The Fed cut the discount rate the morning of an expiration Friday. How can you say it doesn't care what the market is doing? It carefully chose a time and day such that its actions would pump the market as much as possible. To say that it doesn't care about the market is not being truthful given recent evidence. Maybe Feds in the past have not tried to directly influence the market but Greenspan did and now Bernanke has. I'll take the other side of this bet though - Fed won't cut tomorrow.
I disagree. Granted their purview is the banking system and money supply, however please explain the timing of the cut on Friday am of expiration Friday and the "intentional" leaks on Thursday that pushed the S&P up in time to save all those hedge funds from their underwater short puts. It is clear to me that, while the Fed may not care about the market as it affects you or me, they do care very much about the major market participants, and that is one and the same thing as far as i am concerned. They could have not leaked and waited until Monday to announce or announced after the close on Friday -- but quite obviously the timing of the leak and the official announcement (wasn't it like 8:15 am on Friday am???) was aimed directly at rescuing some major players that were in trouble. The US stock market and the banking system are so closely interrelated that to say that the Fed does not care about the market is naive in the extreme.
did you note the action on the 13-week UST? unreal - have you seen many moves like that in the past 25 years? (serious question & im NOT trying to be a wiseass). respectfully, NooB QQQBall
By the "market" bernanke is referring to the market for commercial and cmo paper. There is plenty of money in the system, but the holders/controllers of that money don't want to buy commercial paper or CMOs from certain institutions. The FED has offered 30 days grace to these troubled institutions via the discount window. The idea is that money holders/controllers will relax and will start bidding for these types of paper again. Sentinel was managing historically liquid assets, but the bid for those historically liquid assets disappeared...Citadel came in with a bid.
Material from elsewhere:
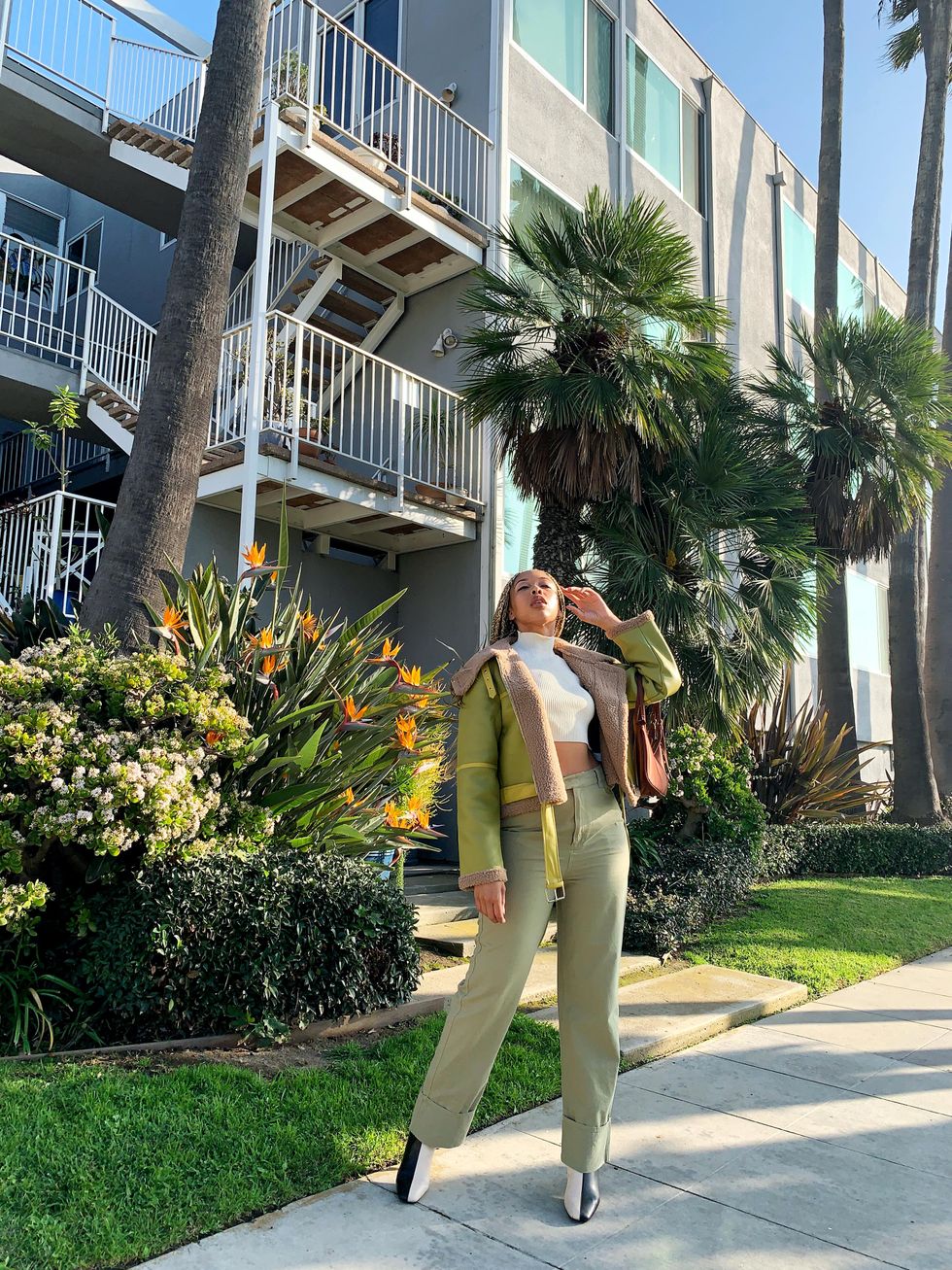 High on the hottest trends list this season are aviator jackets lined with contrasting sherpa. Quirky and fun, I love this two-toned faux leather and shearling combination. Keeping it light and colorful, I added a soft green trouser along with a cropped cream knit top complete with multi-panel boots.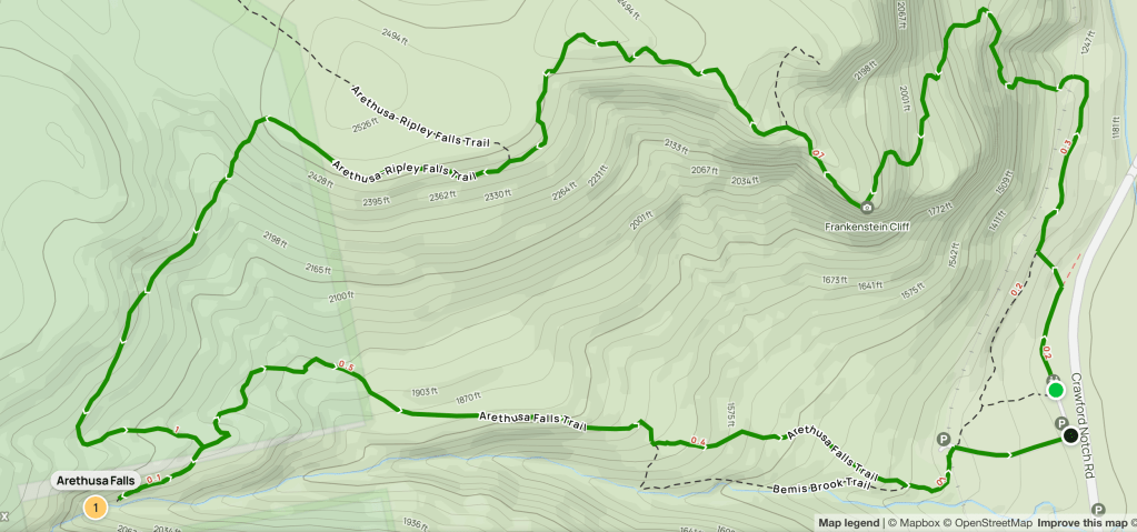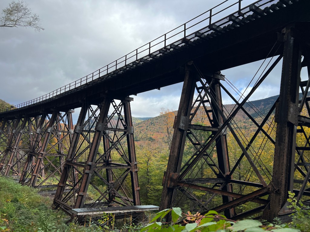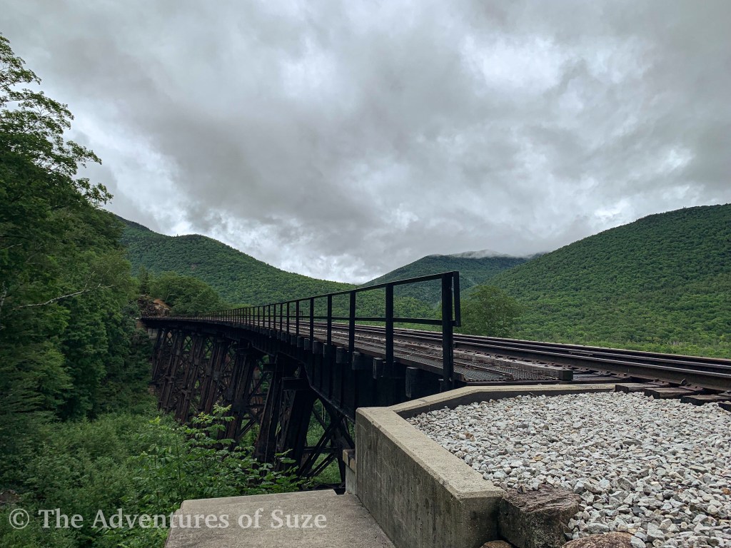 This is a fun loop in Hart’s Location, New Hampshire, located in Crawford Notch State Park. It’s about 5 miles long and about 1,600 feet in elevation. I’ve hiked this twice now, once in the summer and once in the fall. I enjoyed the hike both times I visited. I will say the beginning of the hike isn’t that well-marked and both times I’ve done the hike, I’ve gotten turned around within the first half mile. Both times I ended up walking along the train tracks but it did offer beautiful views of the Frankenstein Trestle. Using AllTrails also helped me get back on track!

Those who have been paying attention know that the liquidity situation has not yet stabilized as bids on even decent corporate paper are hard to come by. Look at tbill yields hitting 1.6% DB tapped the Feds new line today and their justification was that they were doing in support of the Fed action, maybe maybe not, usually the Fed window is only tapped for emergency funds by firms like DB. The Fed is also taking the toxic waste as collateral in essence guaranteeing the subprime paper but so far that doesn't appear to be enough hence the meeting in the AM between bernanke's and Paulson (the go to guy of the big WS banks) and Chris Dodd (the go to guy for the CT Hedge Fund crowd). My guess is that between them WS's interests will be well represented and the news will favor those who are long at least in the very short term. It should also be noted that the hedgers are record short the 10's.
Note the author, and especially the second-to-last paragraph: http://foreignpolicy.com/story/cms.php?story_id=3272 Though I doubt anything is coming as soon as tomorrow.
Man, that is a classic article. Unbelievable. This is a man who thinks he can engineer us out of any trouble. We are doomed.